According to an excerpt of the transcript of the call provided to CNN, Trump said, “You have some pretty tough hombres in Mexico that you may need help with. We are willing to help with that big-league, but they have [to] be knocked out and you have not done a good job knocking them out.”

Mexico denied the report, insisting that the conversation between both leaders was respectful and constructive.

Relations between the U.S. and Mexico have been particularly rocky in the past week. Last Wednesday, Trump ordered the construction of a wall on the U.S.’ southwest border and tweeted that Mexico would foot the bill, a promise he made throughout his presidential campaign (and one that Mexican leaders have repeatedly derided). Peña Nieto canceled a planned visit to Washington D.C. over Trump’s remarks, while Trump insisted on Twitter that both leaders had mutually agreed on the cancellation.

Miguel Tovar/STF via Getty Images
Wax replicas of U.S. President Donald Trump and Mexican President Enrique Peña Nieto on display in Mexico City on Feb. 2, 2017. The two leaders were supposed to meet in Washington D.C. on Jan. 31, but the visit was cancelled.

Finally, Trump’s national security adviser, Michael Flynn, took aim at Iran on Wednesday, putting Tehran “on notice” over a ballistic missile test it conducted over the weekend.

The president echoed the threat on his Twitter account on Thursday. “Iran has been formally PUT ON NOTICE for firing a ballistic missile. Should have been thankful for the terrible deal the U.S. made with them!” Trump tweeted.

Flynn’s statement did not include details about any steps the administration is considering. A Pentagon spokesperson said on Wednesday that the U.S. military did not change its posture toward Iran.

Iran did not waste time in hitting back. It wasn’t the first time “an inexperienced person” has threatened Iran, Ali Akbar Velayati, an adviser to Iran’s supreme leader, Ayatollah Khamenei, said on Thursday. “The American government will understand that threatening Iran is useless,” Velayati added, according to Fars News.

Trump has routinely vowed to take a hard line on Iran and described the multilateral agreement to limit the country’s nuclear abilities as “the worst deal ever.”

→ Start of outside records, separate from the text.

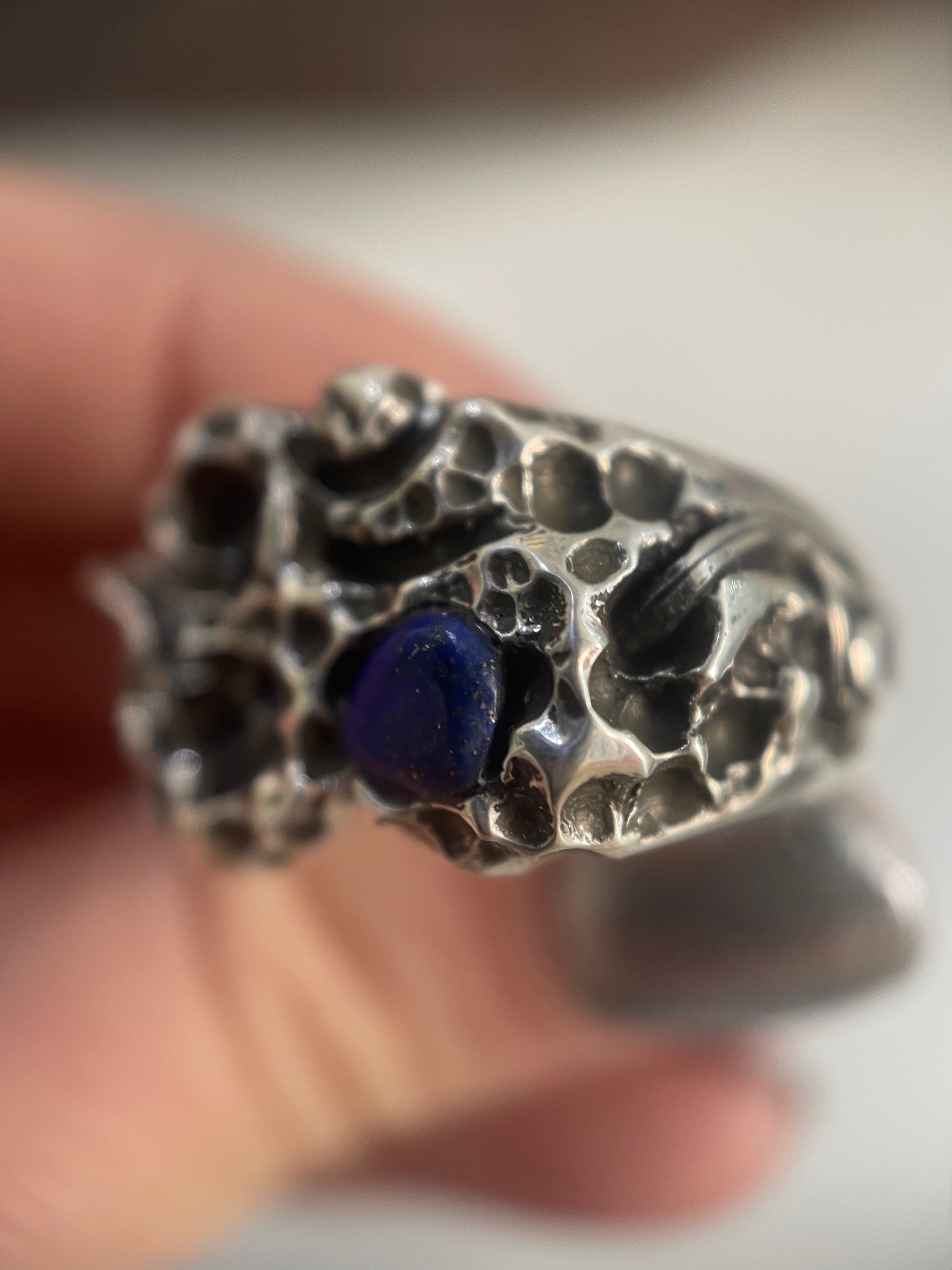Made of solid 925 Sterling Silver and Lapis. Due to the Lapis Stone being set, this piece cannot be resized and comes in a standard US 10.5 or UK V.
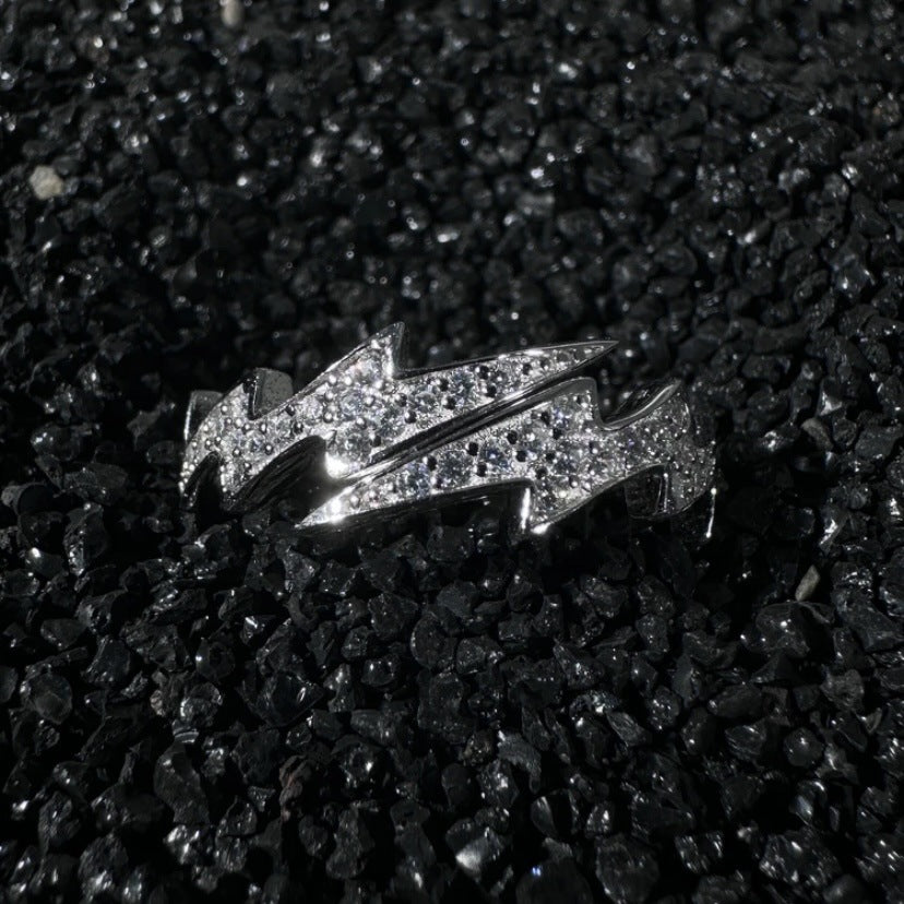 Men's Diamond Lightning Trendy Irregular Ecg Index Rings
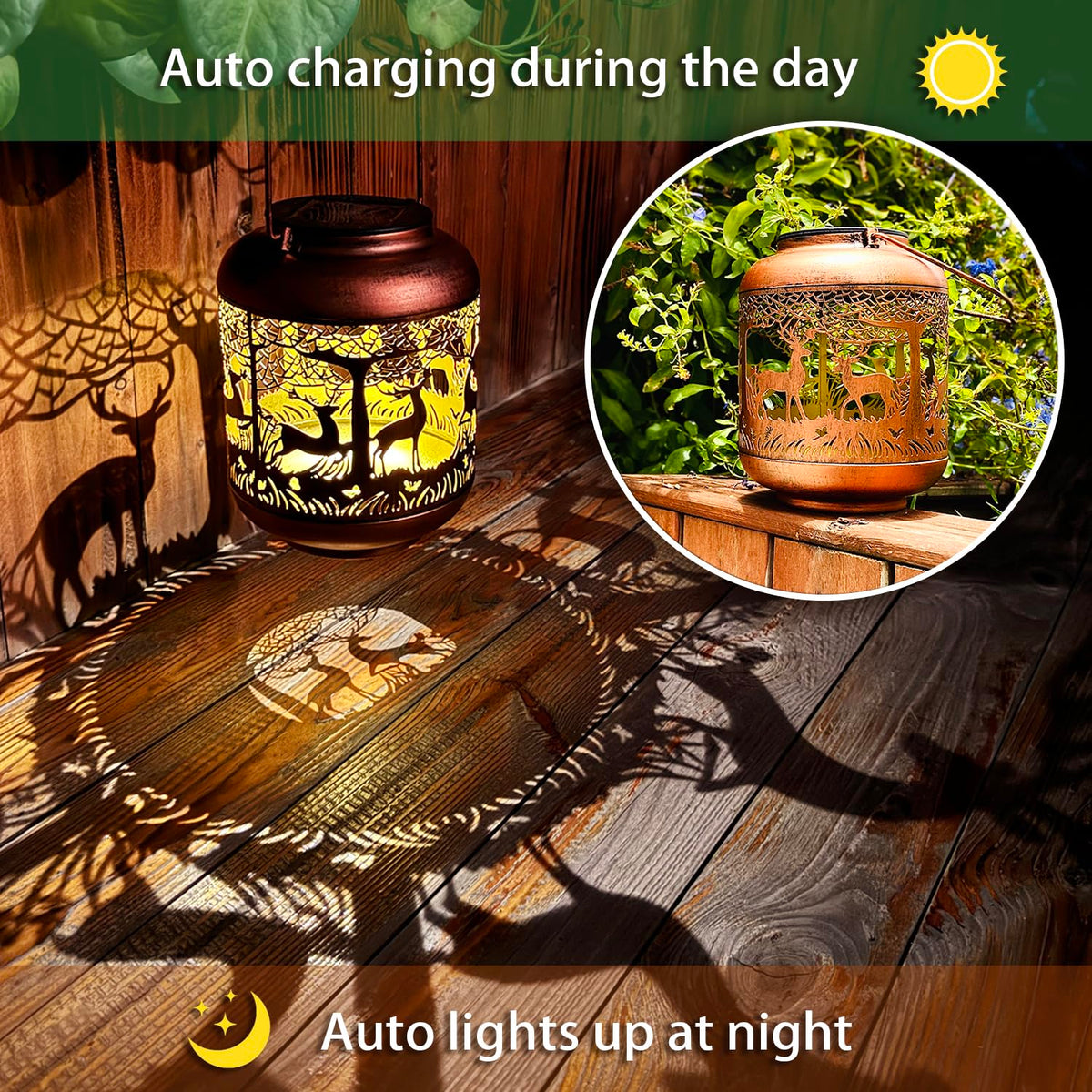 Efficient Solar Powered: The lantern absorbs sunlight for approximately 6 hours during the day, providing up to 8 hours of illumination at night. Featuring an automatic on/off function, it turns on at dusk and off at dawn, ensuring hassle-free operation.
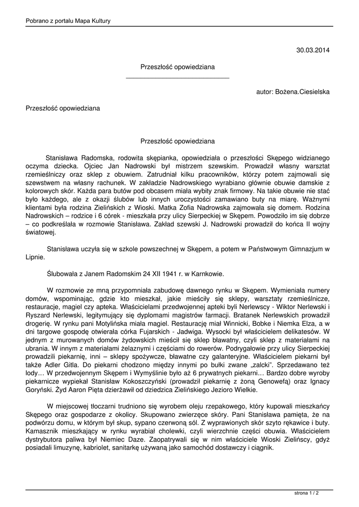 Pobrano z portalu Mapa Kultury 30.03.2014 Przeszłość opowiedziana ____________________________ autor: Bożena.Ciesielska Przeszłość opowiedziana Przeszłość opowiedziana Stanisława Radomska, rodowita skępianka, opowiedziała o przeszłości Skępego widzianego oczyma dziecka. Ojciec Jan Nadrowski był mistrzem szewskim. Prowadził własny warsztat rzemieślniczy oraz sklep z obuwiem. Zatrudniał kilku pracowników, którzy potem zajmowali się szewstwem na własny rachunek. W zakładzie Nadrowskiego wyrabiano głównie obuwie damskie z kolorowych skór. Każda para butów pod obcasem miała wybity znak firmowy. Na takie obuwie nie stać było każdego, ale z okazji ślubów lub innych uroczystości zamawiano buty na miarę. Ważnymi klientami była rodzina Zielińskich z Wioski. Matka Zofia Nadrowska zajmowała się domem. Rodzina Nadrowskich – rodzice i 6 córek - mieszkała przy ulicy Sierpeckiej w Skępem. Powodziło im się dobrze – co podkreślała w rozmowie Stanisława. Zakład szewski J. Nadrowski prowadził do końca II wojny światowej. Lipnie. Stanisława uczyła się w szkole powszechnej w Skępem, a potem w Państwowym Gimnazjum w Ślubowała z Janem Radomskim 24 XII 1941 r. w Karnkowie. W rozmowie ze mną przypomniała zabudowę dawnego rynku w Skępem. Wymieniała numery domów, wspominając, gdzie kto mieszkał, jakie mieściły się sklepy, warsztaty rzemieślnicze, restauracje, magiel czy apteka. Właścicielami przedwojennej apteki byli Nerlewscy - Wiktor Nerlewski i Ryszard Nerlewski, legitymujący się dyplomami magistrów farmacji. Bratanek Nerlewskich prowadził drogerię. W rynku pani Motylińska miała magiel. Restaurację miał Winnicki, Bobke i Niemka Elza, a w dni targowe gospodę otwierała córka Fujarskich - Jadwiga. Wysocki był właścicielem delikatesów. W jednym z murowanych domów żydowskich mieścił się sklep bławatny, czyli sklep z materiałami na ubrania. W innym z materiałami żelaznymi i częściami do rowerów. Podrygałowie przy ulicy Sierpeckiej prowadzili piekarnię, inni – sklepy spożywcze, bławatne czy galanteryjne. Właścicielem piekarni był także Adler Gitla. Do piekarni chodzono między innymi po bułki zwane „zalcki”. Sprzedawano też lody… W przedwojennym Skępem i Wymyślinie było aż 6 prywatnych piekarni… Bardzo dobre wyroby piekarnicze wypiekał Stanisław Kokoszczyński (prowadził piekarnię z żoną Genowefą) oraz Ignacy Goryński. Żyd Aaron Pięta dzierżawił od dziedzica Zielińskiego Jezioro Wielkie. W miejscowej tłoczarni trudniono się wyrobem oleju rzepakowego, który kupowali mieszkańcy Skępego oraz gospodarze z okolicy. Skupowano zwierzęce skóry. Pani Stanisława pamięta, że na podwórzu domu, w którym był skup, sypano czerwoną sól. Z wyprawionych skór szyto rękawice i buty. Kamasznik mieszkający w rynku wyrabiał cholewki, czyli wierzchnie części obuwia. Właścicielem dystrybutora paliwa był Niemiec Daze. Zaopatrywali się w nim właściciele Wioski Zielińscy, gdyż posiadali limuzynę, kabriolet, sanitarkę używaną jako samochód dostawczy i ciągnik. strona 1 / 2 Pobrano z portalu Mapa Kultury Pani Radomska wspominała targi odbywające się na głównym placu w Skępem, czyli na rynku. Dniem targowym była środa. Większe targi zwane jarmarkami odbywały się rzadziej... gdyż na nie miejscowość musiała otrzymać zezwolenie. Każdy z handlujących towarami miał przydzielony sektor. Żydzi mieli budki (stragany), w których sprzedawali śledzie. Byli rzeźnicy oferujący swoje wyroby masarskie. Handlowano przedmiotami domowego użytku. Na wielu straganach rozkładano kożuchy, garnitury, materiały na ubrania, firany czy buty. Piekarze oferowali wyroby piekarnicze. Były budki z produktami spożywczymi takimi jak: pomarańcze, cytryny, czekolady, szproty czy nabiał. Dla spragnionych rozstawiano budki, w których parzono herbatę w samowarach. Z Włocławka przywożono towary ceramiczne. Z Łodzi zwożono bluzki i halki. Z Lipna dostarczano trepki, czyli drewniane chodaki. Pani Stanisława przypomniała taką historię. Gdy poszła z matką na targ, zobaczyła chodaki, które bardzo jej się spodobały. Tak męczyła matkę, że w końcu kupiła jej owe trepki. Nie pomogły tłumaczenia, że ojciec ma warsztat szewski i sklep z obuwiem… Ku uciesze ludzi przygrywał kataryniarz, mający papugę. Tak zarabiał na życie. Chętni dawali sobie powróżyć. Dla mieszkańców jarmark był świętem. Na Targowicy – w innej części Skępego – handlowano gęśmi, świniami, krowami, owcami i końmi… Gęsi pędzono do Torunia na eksport. Fotografia przedstawia oryginalną pieczątkę i podpis właściciela piekarni w Skępem Stanisława Kokoszczyńskiego. Skępe, 22 maja 1950 r. Archiwum rodziny Ciesielskich Bożena Ciesielska KONKURS strona 2 / 2

Despite the fiery statements and revelations, Trump’s White House team has reported on numerous “constructive” communications with foreign leaders ― and Trump himself has tried to downplay the reports of his more negative interactions with foreign governments.

“When you hear about the tough phone calls I’m having, don’t worry about it. Just don’t worry about it. They’re tough,” Trump said during the National Prayer Breakfast on Thursday morning.